Hydroxyl radical levels were tested by EPR 300E spectrometer (Bruker, Germany) equipped with a Quanta-Ray Nd:YAG laser (355 and 532 nm) for the measurement of the ESR signals of ^•OH spin-trapped 5, 5-dimethyl-1-pyrroline N-oxide (DMPO). Measurement conditions were as follows: center field, 3486.7 G; sweep width, 100 G; microwave frequency, 9.82 GHz; and power, 5.05 mW. The same quartz capillary tube was used for all ESR measurements to minimize experimental errors. The concentration variations of H₂O₂ during the photodegradation were determined by the N, N-diethyl-p-phenylenediamine method [20].

Reaction intermediates were monitored using a liquid chromatography tandem mass spectrometry (LC/MS) instrument (Agilent 1200 LC/6420 ion trap MS, Santa Clara, CA, USA) with an electrospray ionization interface by full scanning from m/z 50 to 600 in the positive ion mode.

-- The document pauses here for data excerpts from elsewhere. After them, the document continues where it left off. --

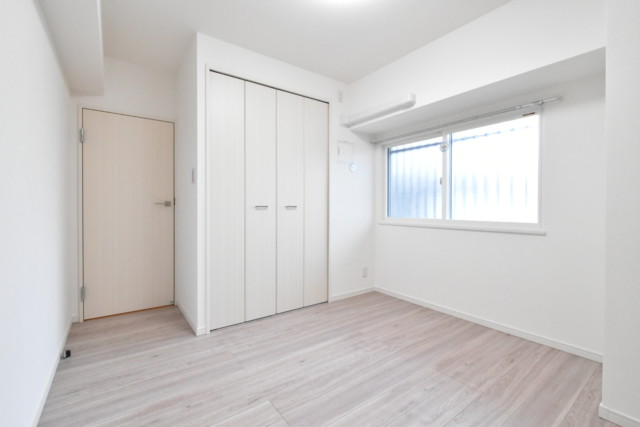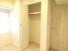 陽当たりはご覧の通り!LDKと同じく南西向きバルコニーに面したお部屋です。大きなウォークインクローゼットが設置され室内に収納家具を置く必要はありません。さらに、全ての扉をデッドスペースを作らない引き戸にすることによって、お部屋のスペースを有効に使えるようになっています。セミダブルくらいなら余裕で置けそうですよ。
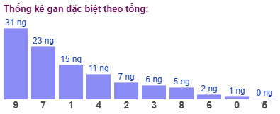 Thống kê cho thấy tổng đề lâu chưa xuất hiện nhất là tổng 9 (bao gồm 10 cặp số: 09, 18, 27, 36, 45, 54, 63, 72, 81, 90) đã 31 ngày chưa ra.
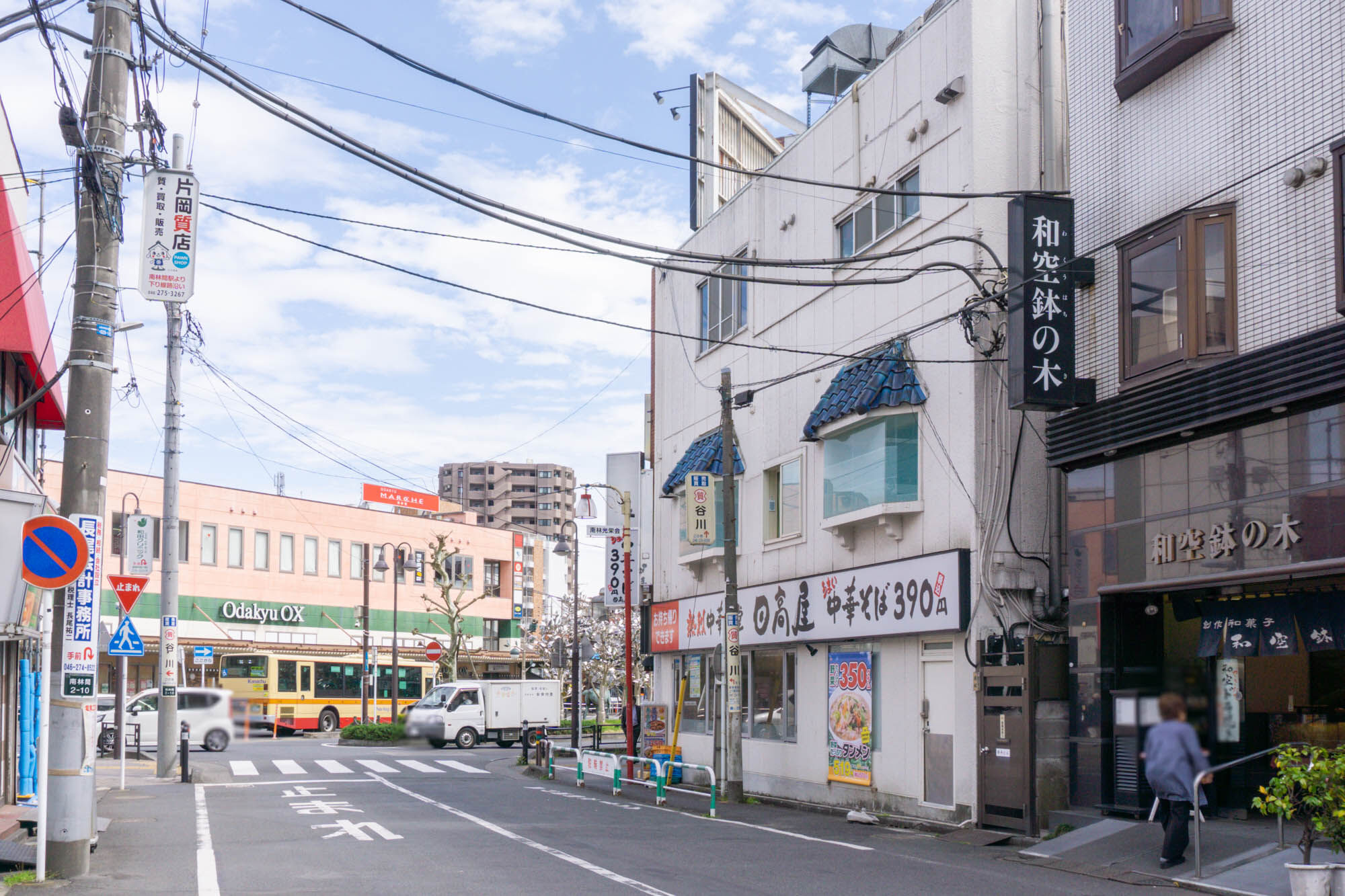 店舗の左手にはすぐ南林間駅が。隣は「日高屋 南林間店」。
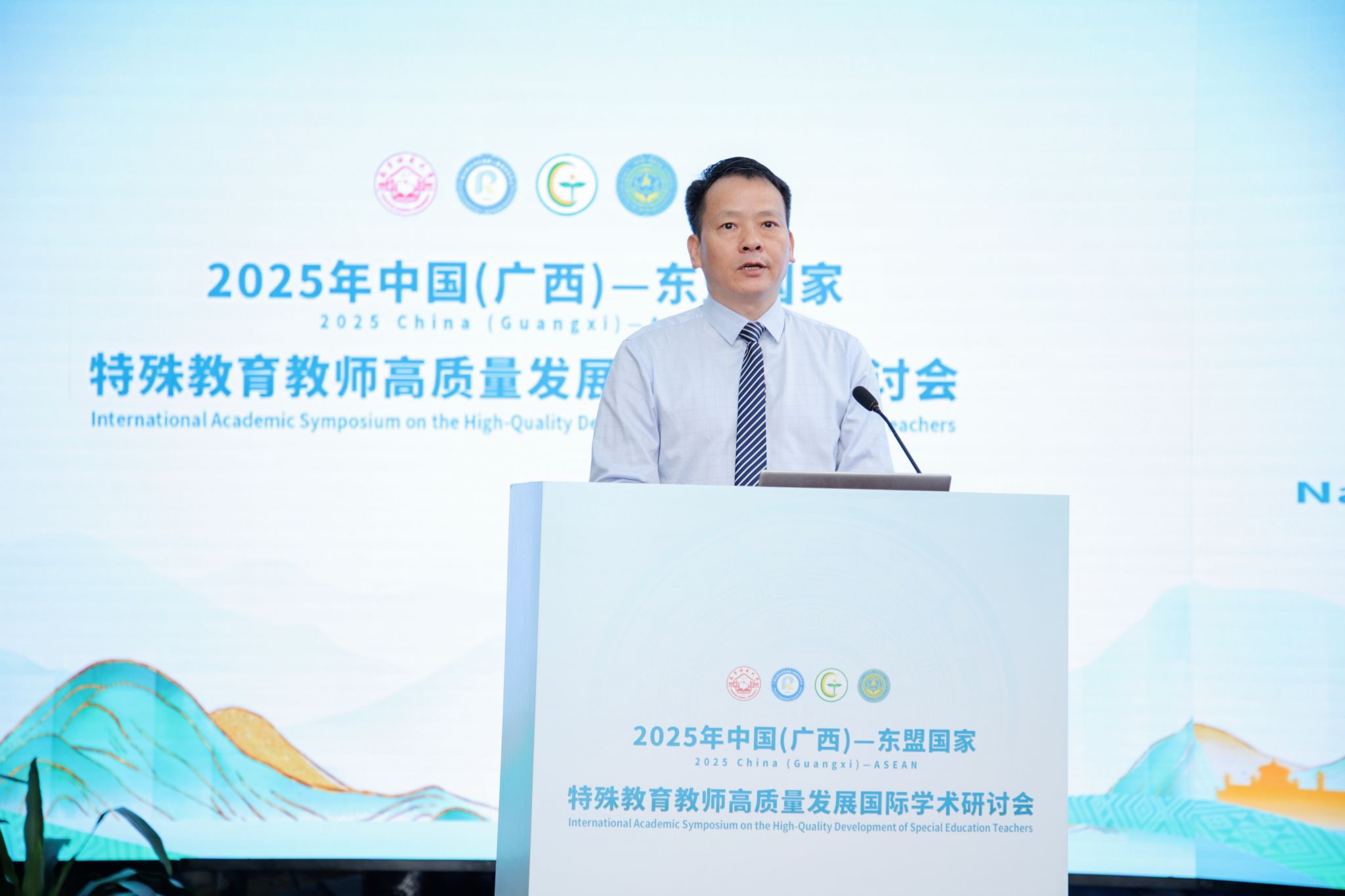 10月11日至10月12日,由beat365平台官方网站主办,beat365平台官方网站教育科学学院、beat365平台官方网站国际交流合作处/国际教育学院、广西高等教育学会外国留学生教育管理专业委员会、广西高校人文社科重点研究基地一广西教育现代化与质量监测研究中心、广西残疾人康复协会融合教育专业委员会、广西残疾人康复协会听力言语康复专业委员会协办的2025年中国(广西)-东盟国家特珠教育教师高质量发展国际学术研讨会顺利举行。会议以“特殊教育教师专业发展”与“AI赋能科技助残”为主题,吸引了来自国内外高校、康复机构、特殊教育学校、普通中小学专家学者、一线教师和特殊教育专业的学生共390余人参会。大会设1个主会场,6个分会场。此外,大会还包括研究生论坛、东盟来华留学生教学与管理研究、第三届广西残疾人康复协会听力言语康复专业委员会换届大会、第一届广西残疾人康复协会融合教育专业委员会成立大会。
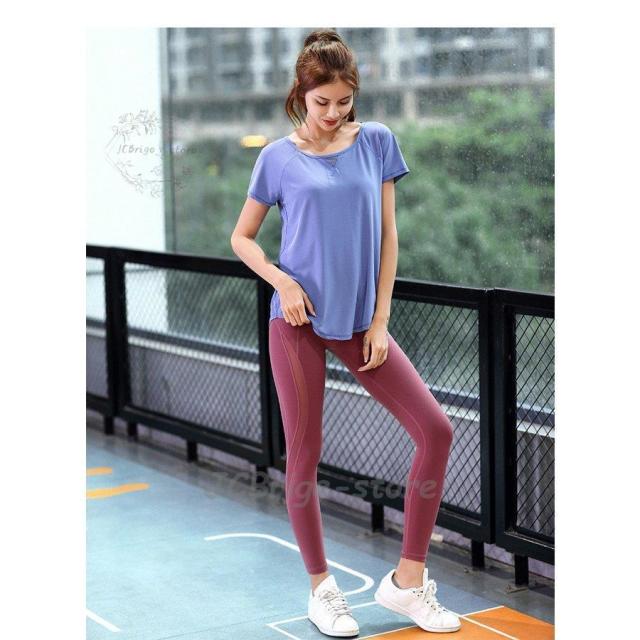 ヨガウェア レディース トップス 半袖 Tシャツ かわいい おしゃれ バックメッシュ ホットヨガ フィットネス スリット 吸汗速乾
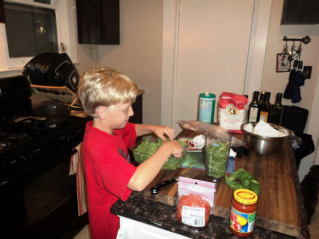 On Friday night The Bride's best friend came over, bringing along Cody, her twelve-year-old son. He wanted to make grilled pizzas, so I took the opportunity to complete my last grilled pizza recipe, the Arugula Pizza on page 337. That night was a mess, so I don't have the picture of the ingredients. Cody wanted to help, so he became my second guest chef. I took the responsibility of getting the dough started while the other three shopped for toppings. The only addition I made to the dough was a teaspoon of dried Italian herbs, just for grins and giggles. Once the shoppers came home, Cody and I set about preparing the toppings. For my pizza, I had Cody begin by measuring out the necessary ingredients for the arugula pesto that would serve as the "sauce" under the toppings.
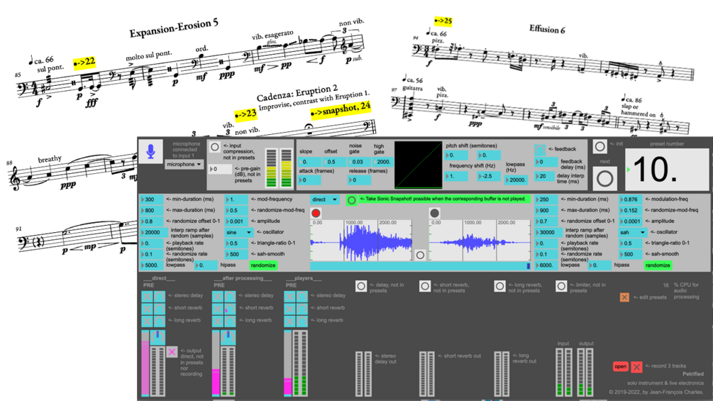 The original program is a set of Max patches and presets, made available as free software: you can redistribute it and/or modify it under the terms of the GNU General Public License as published by the Free Software Foundation, either version 3 of the License, or any later version. The included 2020 version may be used as is with Max on most Apple systems: it makes use of Apple Audio Units such as compression, reverberation, etc. The included 2022 version makes use of external plugins (delay and reverb) that may be replaced by your favorite ones. Both versions of the program may be modified for use on Apple or Windows systems that would not have the same plugins available.
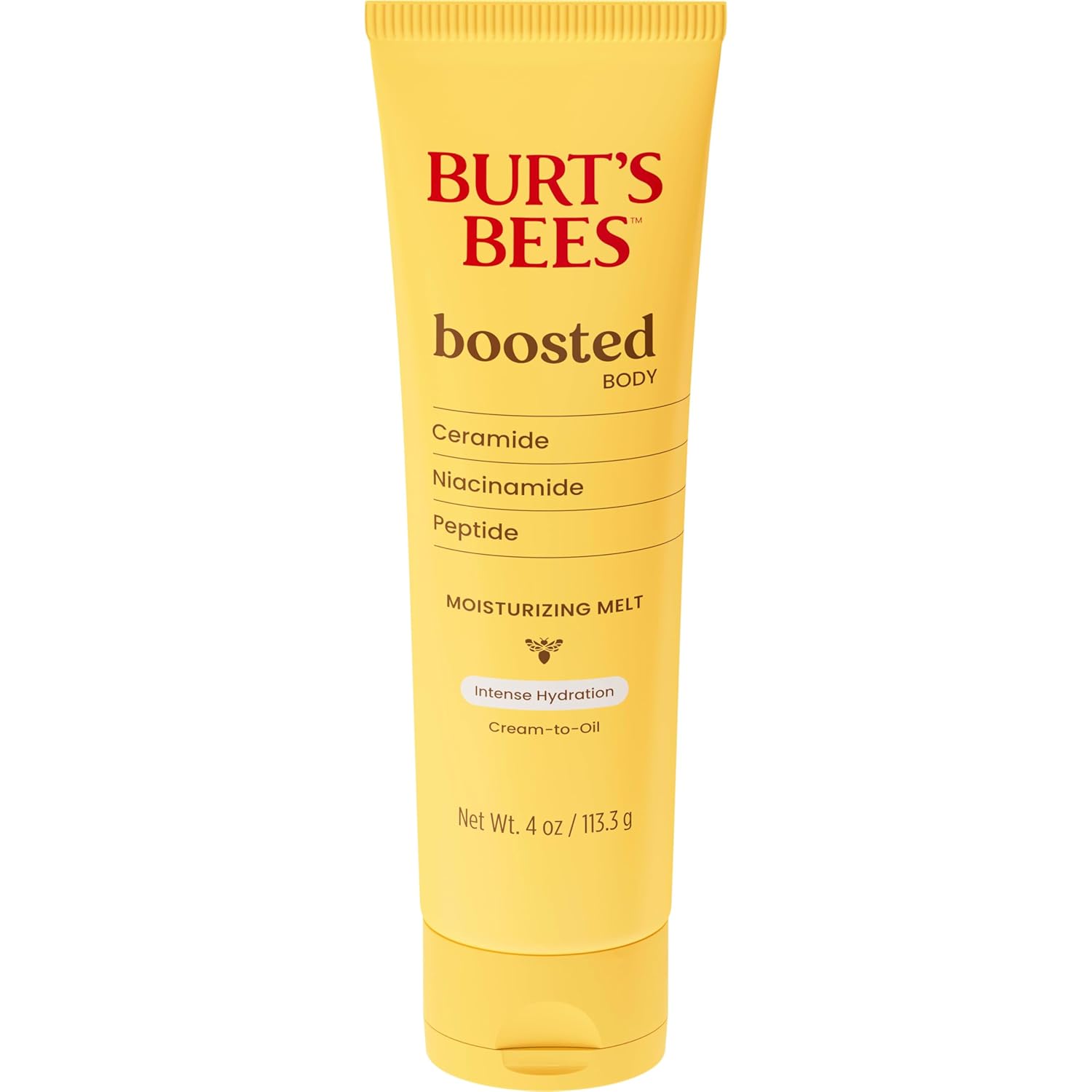 Burt's Bees Boosted Body Moisturizing Melt With a Ceramide, Niacinamide and Peptide Complex, Intense Skin Hydration, Cream-to-Oil Body Lotion Helps Support Skin Barrier, Tropical Scented, 4 oz. Tube

The acute toxicity testing of CYN degradation products was evaluated by the maximum tolerance method. Kunming mice (KM) (16–20 g, 50 males and 50 females) were used in the study. All mice were randomly and equally assigned to five groups (one control group and four experimental groups) and housed in an animal holding room, which was kept at 20–25 °C and 40–60% relative humidity with a regime of a 12 h light/dark cycle. These mice were fasted for 12 h before the experiment but had no restriction of drinking water. Within 24 h, treated (5 h) CYN solutions were administered by i.g. injection at doses of 10, 20, and 30 mL/kg body weight. Distilled water with equal volume was injected into the mice in the control group. All mice were released from fasting after being injected. After 48 h, the animals were observed closely. The body weight, appearance, and diet of these mice were recorded daily throughout the 14-day test period. After 15 days of administration, the mice were anesthetized with 1% pentobarbital sodium to weigh their bodies and livers to calculate liver index (liver weight/body weight, %).

4. Conclusions

Pyrite was employed to decompose CYN, whose half-life was reduced by 99%. During the degradation of CYN, pyrite was reusable and Fe leaching was scare after five continuous cycles. It was remarkable that the degradation of CYN by pyrite was not affected by NOM, even if the concentration of HA exceeded that of CYN by a factor of 10. The degradation is attributed to the oxidation of ^•OH generated from oxygen reduction to remove the uracil moiety, which is the toxic unit of CYN. Even though the TOC removal rate of CYN was only 47% after 2 h of visible light irradiation, the degradation products were non-toxic. In summary, pyrite has promising application prospects in predominantly detoxifying CYN in the presence of NOM because pyrite targets the uracil ring. This study indicates that pyrite is an efficient means for the remediation of natural water polluted by CYN and gives new insights into the reactivity of pyrite toward environmental contaminants.